▶ TASK REQUIREMENTS
Will you output the entries below exactly, skipping every image they contain?
================================
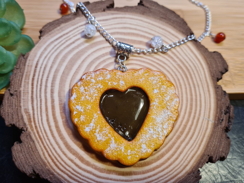 Tout d’abord dans la famille des colliers, un large pendentif cœur en biscuit sablé au chocolat de taille réelle. Il est monté sur une longue chaine ajustable en acier décorée de perles de verre et de perles d’agate rouge.
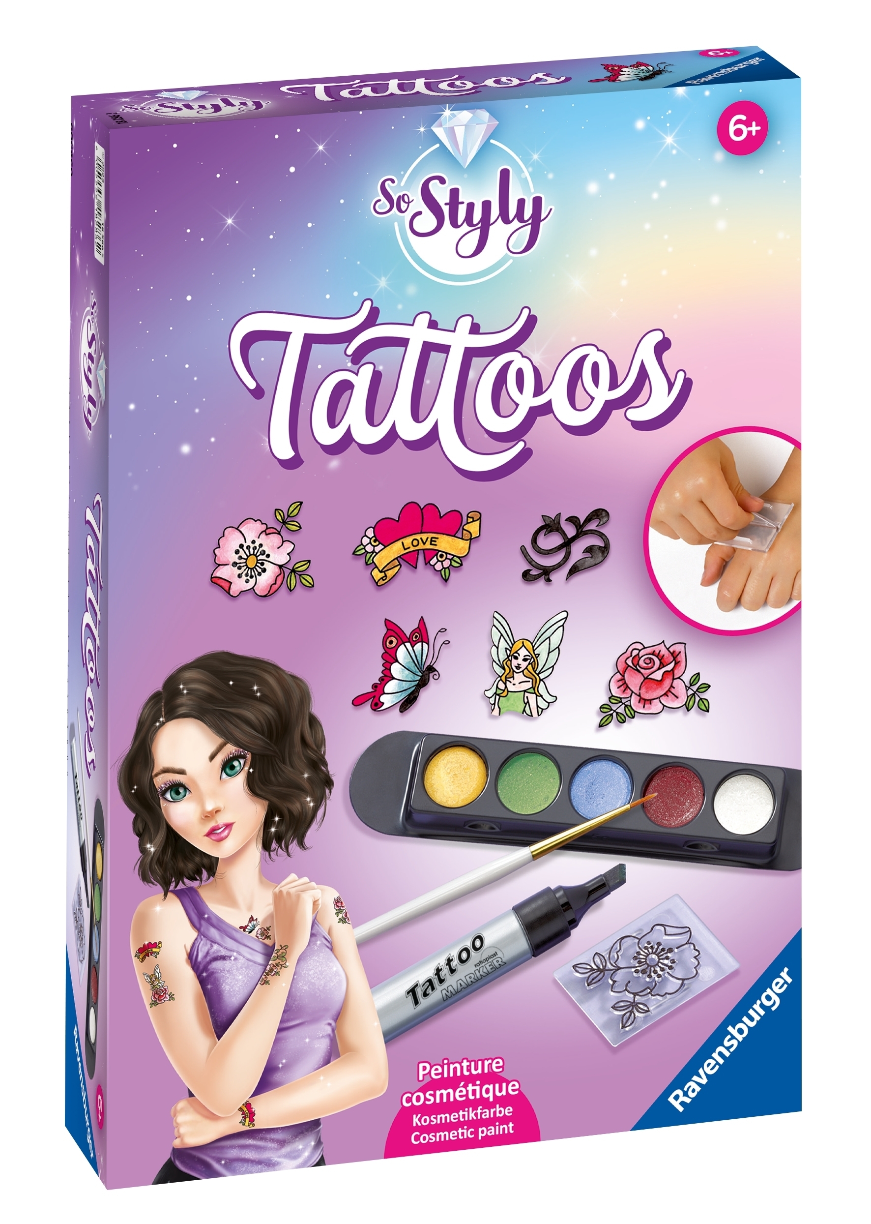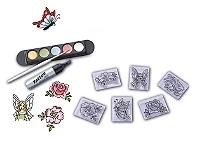 Un coffret très tendance pour réaliser ses propres tatouages et les décorer soi-même à laide de peintures cosmétiques professionnelles. Tout le nécessaire est réuni pour inventer son look. Grâce aux 6 tampons, cest facile de réaliser son dessin et de le peindre avec les 5 couleurs de peintures cosmétiques. Idéal pour allier le plaisir de créer à celui de se faire belle entre copines ! A partir de 6 ans. Ce produit est composé de matériaux issus de forêts bien gérées certifiées FSC®, de matériaux recyclés et de matériaux issus dautres sources contrôlées (FSC-C111262).
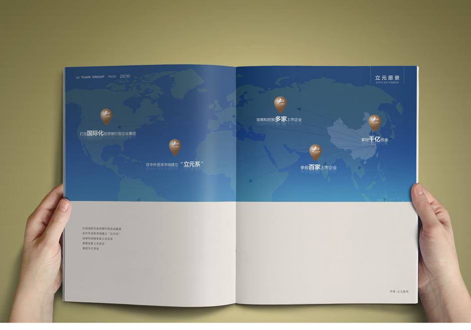 立元集團創建于1998年,旗下擁有20多家控股企業,參股近百家上市、擬上市企業,近千名員工,業務涵蓋各類金融投資、房地產開發、電子通信三大板塊。銘陽廣告公司先后為其提供集團宣傳冊設計、團隊攝影、資本投資畫冊設計、員工手冊設計制作、物業公司宣傳設計、大型主題會議設計、PPT設計等。
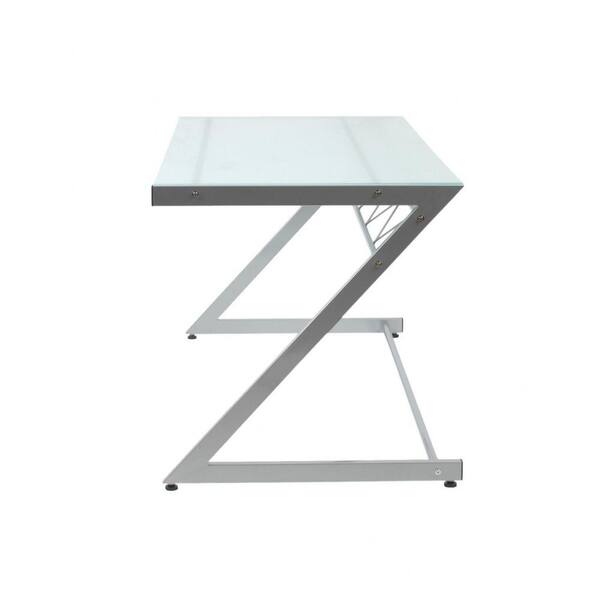Amelia 61 in. Rectangular Silver Glass Writing Desk with Glass Top
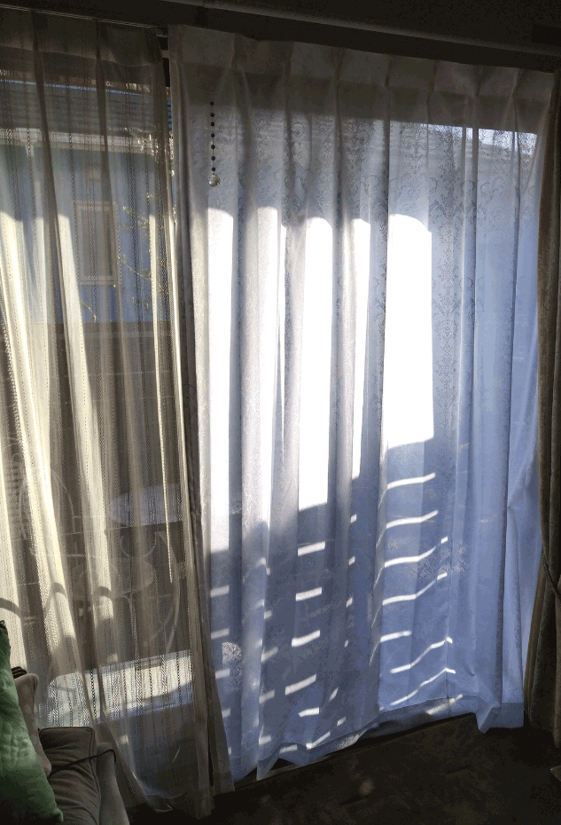 右側が新調したカーテンです。すごく落ち着きます。以前は外を歩いている人が丸分かりでした。
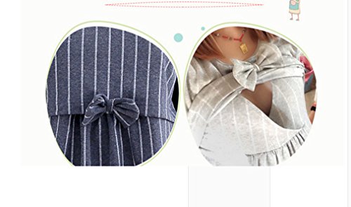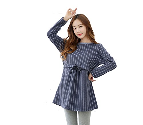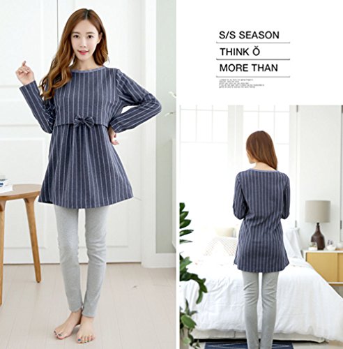 - Asia Color 授乳服 産前 産後 妊婦用 リボン ボーダー パジャマ 重ね着風 マタニティ トップス 授乳口付
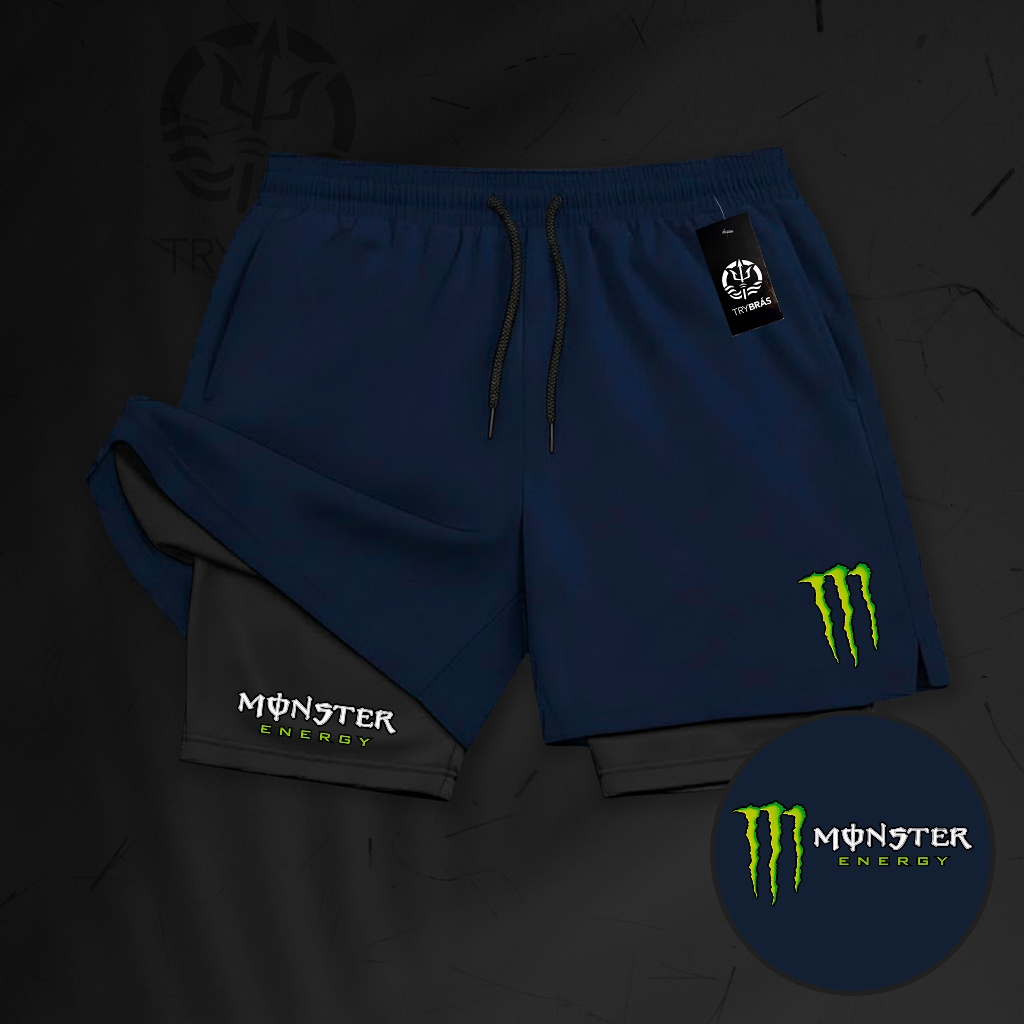 KIT Bermudas de Compressão Dry-Fit GDA 2 em 1 - (Monster 02) - Com Elastano e Bolso Interno
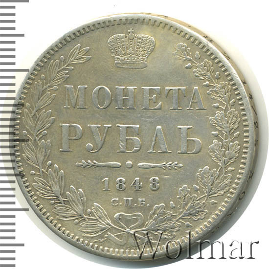 В центре указан номинал «МОНЕТА РУБЛЬ» в две строки. Над номиналом – Корона Российской империи. Под номиналом расположен декоративный разделитель в виде двух разнонаправленных фигурных линий и небольшой выпуклой точки между ними. Под разделителем — дата выпуска монеты «1848». Под цифрой даты — обозначение монетного двора «С.П.Б.». Вдоль канта, не доходя до короны, изображен венок из лавровой и дубовой ветви, которые в нижней части перевязаны лентой на узел бантом. По окружности канта имеются рельефные элементы, выполненные в виде зубцов.
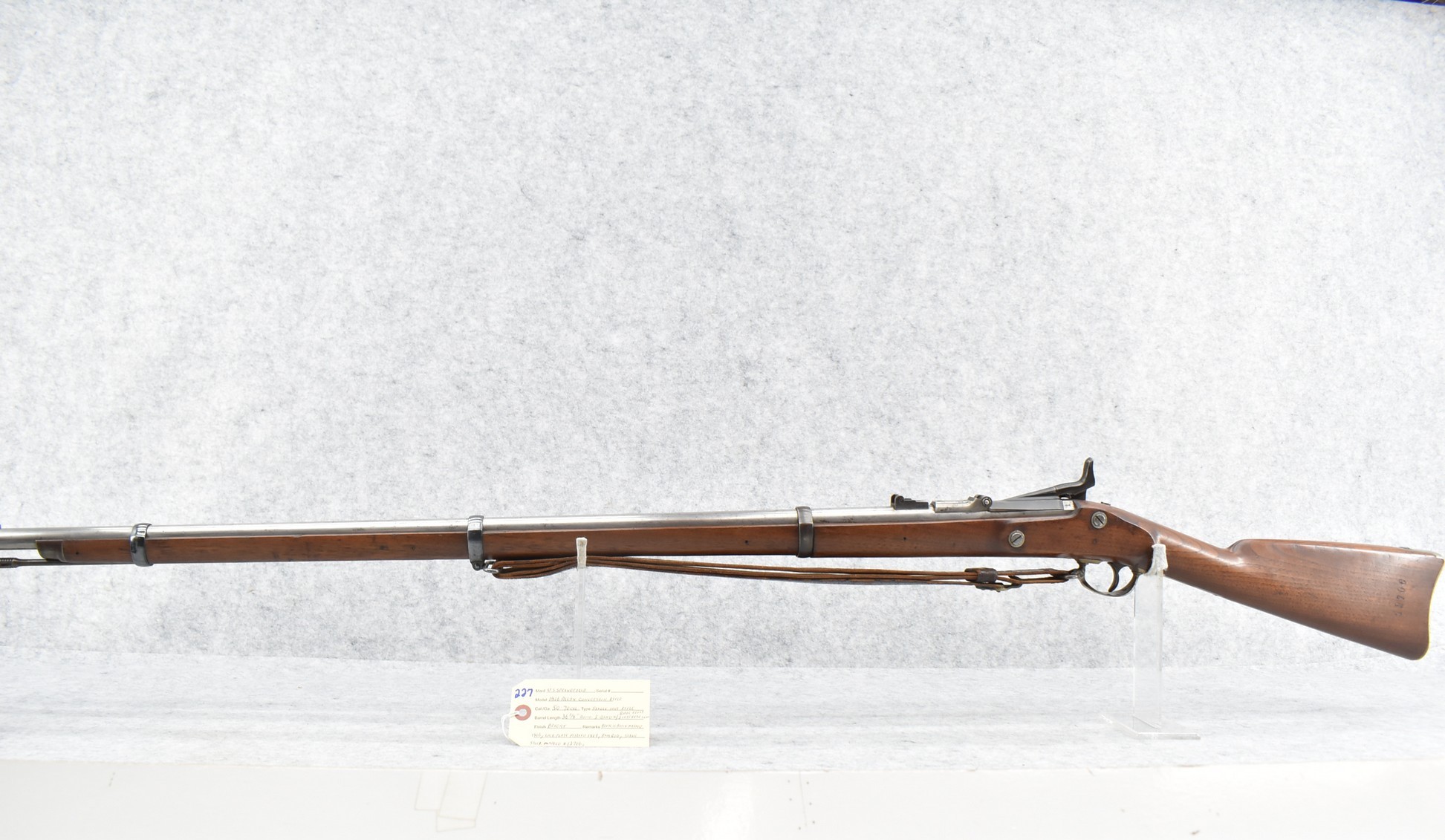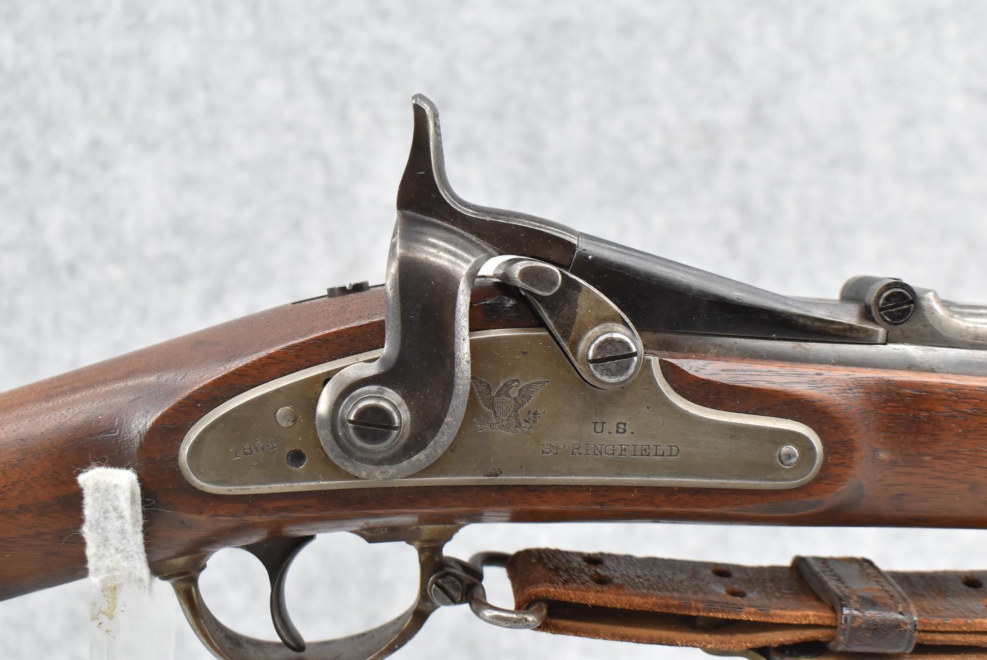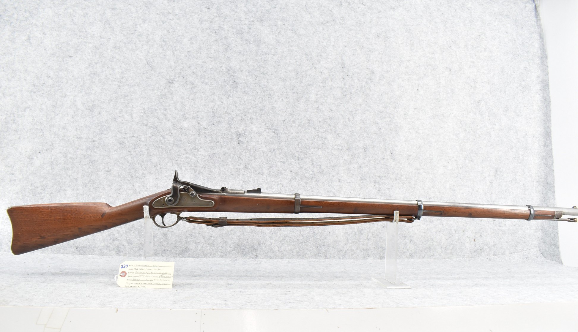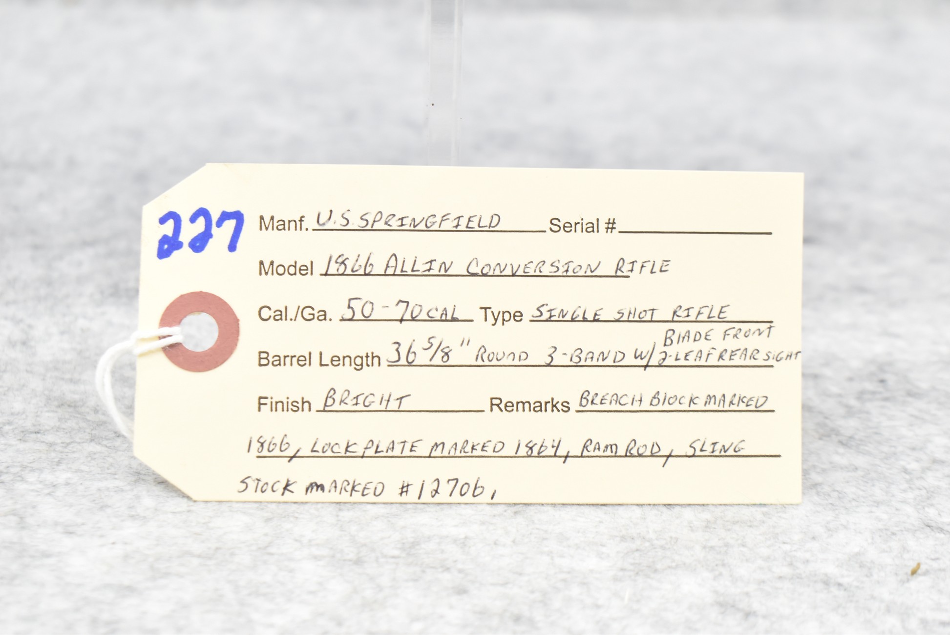 227. U.S. Springfield – Mod. 1866 Allin Conversion Rifle – 50-70 Cal. Single Shot Rifle – w/36 5/8” Round Barrel w/Blade Front & 2-Leaf Rear Sights w/3 Barrel Bands – Bright Finish – w/Wood Stock Marked #12706 – w/Sling – w/Ram Rod – Breech Block Marked 1866 – Lock Plate Dated 1864
================================
▶ EXERCISE OUTPUT
 Tout d’abord dans la famille des colliers, un large pendentif cœur en biscuit sablé au chocolat de taille réelle. Il est monté sur une longue chaine ajustable en acier décorée de perles de verre et de perles d’agate rouge.
 Un coffret très tendance pour réaliser ses propres tatouages et les décorer soi-même à laide de peintures cosmétiques professionnelles. Tout le nécessaire est réuni pour inventer son look. Grâce aux 6 tampons, cest facile de réaliser son dessin et de le peindre avec les 5 couleurs de peintures cosmétiques. Idéal pour allier le plaisir de créer à celui de se faire belle entre copines ! A partir de 6 ans. Ce produit est composé de matériaux issus de forêts bien gérées certifiées FSC®, de matériaux recyclés et de matériaux issus dautres sources contrôlées (FSC-C111262).
 立元集團創建于1998年,旗下擁有20多家控股企業,參股近百家上市、擬上市企業,近千名員工,業務涵蓋各類金融投資、房地產開發、電子通信三大板塊。銘陽廣告公司先后為其提供集團宣傳冊設計、團隊攝影、資本投資畫冊設計、員工手冊設計制作、物業公司宣傳設計、大型主題會議設計、PPT設計等。
Amelia 61 in. Rectangular Silver Glass Writing Desk with Glass Top
 右側が新調したカーテンです。すごく落ち着きます。以前は外を歩いている人が丸分かりでした。
 - Asia Color 授乳服 産前 産後 妊婦用 リボン ボーダー パジャマ 重ね着風 マタニティ トップス 授乳口付
 KIT Bermudas de Compressão Dry-Fit GDA 2 em 1 - (Monster 02) - Com Elastano e Bolso Interno
 В центре указан номинал «МОНЕТА РУБЛЬ» в две строки. Над номиналом – Корона Российской империи. Под номиналом расположен декоративный разделитель в виде двух разнонаправленных фигурных линий и небольшой выпуклой точки между ними. Под разделителем — дата выпуска монеты «1848». Под цифрой даты — обозначение монетного двора «С.П.Б.». Вдоль канта, не доходя до короны, изображен венок из лавровой и дубовой ветви, которые в нижней части перевязаны лентой на узел бантом. По окружности канта имеются рельефные элементы, выполненные в виде зубцов.
 227. U.S. Springfield – Mod. 1866 Allin Conversion Rifle – 50-70 Cal. Single Shot Rifle – w/36 5/8” Round Barrel w/Blade Front & 2-Leaf Rear Sights w/3 Barrel Bands – Bright Finish – w/Wood Stock Marked #12706 – w/Sling – w/Ram Rod – Breech Block Marked 1866 – Lock Plate Dated 1864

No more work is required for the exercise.